== Segment start ==

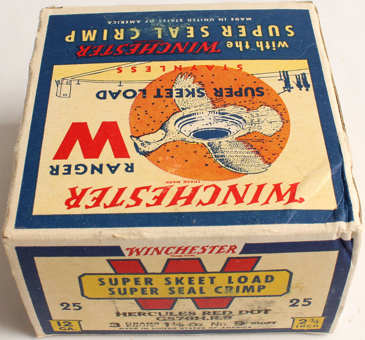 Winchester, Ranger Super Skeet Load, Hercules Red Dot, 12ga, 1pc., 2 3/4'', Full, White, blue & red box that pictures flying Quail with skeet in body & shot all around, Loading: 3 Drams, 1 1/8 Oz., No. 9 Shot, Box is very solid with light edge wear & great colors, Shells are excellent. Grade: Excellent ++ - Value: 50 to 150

== Segment end ==
== Segment start ==

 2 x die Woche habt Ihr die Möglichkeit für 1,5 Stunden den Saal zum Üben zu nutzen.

== Segment end ==
== Segment start ==

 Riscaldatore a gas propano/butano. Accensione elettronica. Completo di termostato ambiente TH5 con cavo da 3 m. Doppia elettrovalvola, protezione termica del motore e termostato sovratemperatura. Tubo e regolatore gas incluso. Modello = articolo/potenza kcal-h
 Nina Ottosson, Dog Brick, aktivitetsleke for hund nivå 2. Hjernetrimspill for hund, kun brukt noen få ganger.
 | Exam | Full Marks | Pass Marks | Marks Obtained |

== Segment end ==

EXERCISE => Set down again, word for word, the stretch of records from the line with "Riscaldatore a gas" to the line with "Marks Obtained |", both of those lines included.

ANSWER FOR THE TASK =>
 Riscaldatore a gas propano/butano. Accensione elettronica. Completo di termostato ambiente TH5 con cavo da 3 m. Doppia elettrovalvola, protezione termica del motore e termostato sovratemperatura. Tubo e regolatore gas incluso. Modello = articolo/potenza kcal-h
 Nina Ottosson, Dog Brick, aktivitetsleke for hund nivå 2. Hjernetrimspill for hund, kun brukt noen få ganger.
 | Exam | Full Marks | Pass Marks | Marks Obtained |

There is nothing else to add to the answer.